Exercise directions: Reproduce exactly the lines from the one containing "Alejandro Forni (izquierda)" through the end of the listing, minus the pictures.

Supplied data:
----
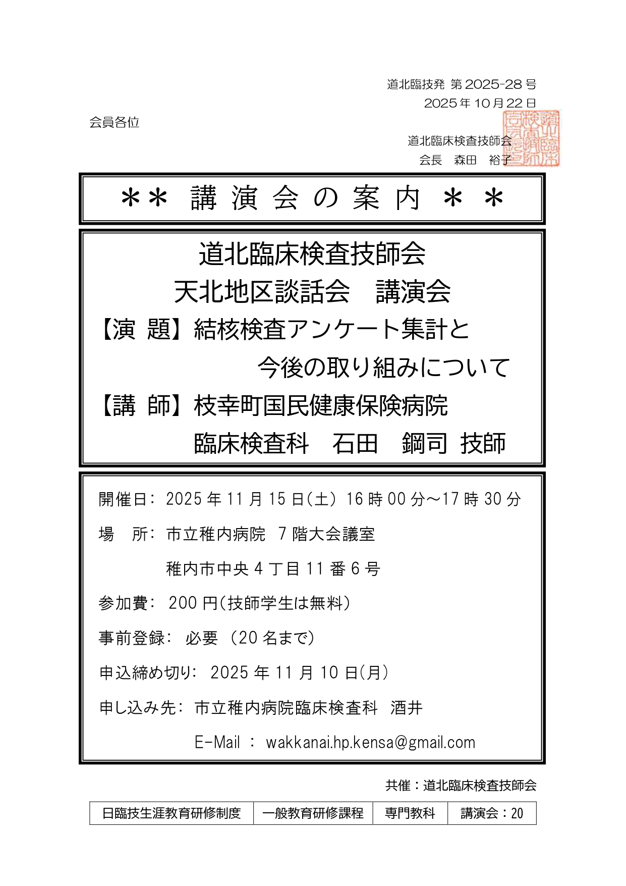 道北臨床検査技師会 天北地区談話会 講演会(11月15日)
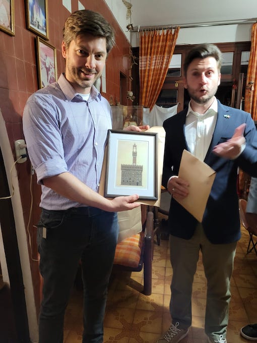 Alejandro Forni (izquierda) con el cónsul de Rosario en la sede de la asociación, en lo que fue la casa de Sandro.
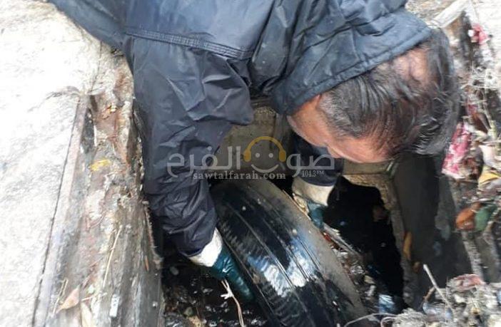 منذ اكثر من اسبوع وعمال بلدية صور يقومون بتنظيف مصافي مجاري المياه في منطقة المساكن.
----
Reply to the task:
 Alejandro Forni (izquierda) con el cónsul de Rosario en la sede de la asociación, en lo que fue la casa de Sandro.
 منذ اكثر من اسبوع وعمال بلدية صور يقومون بتنظيف مصافي مجاري المياه في منطقة المساكن.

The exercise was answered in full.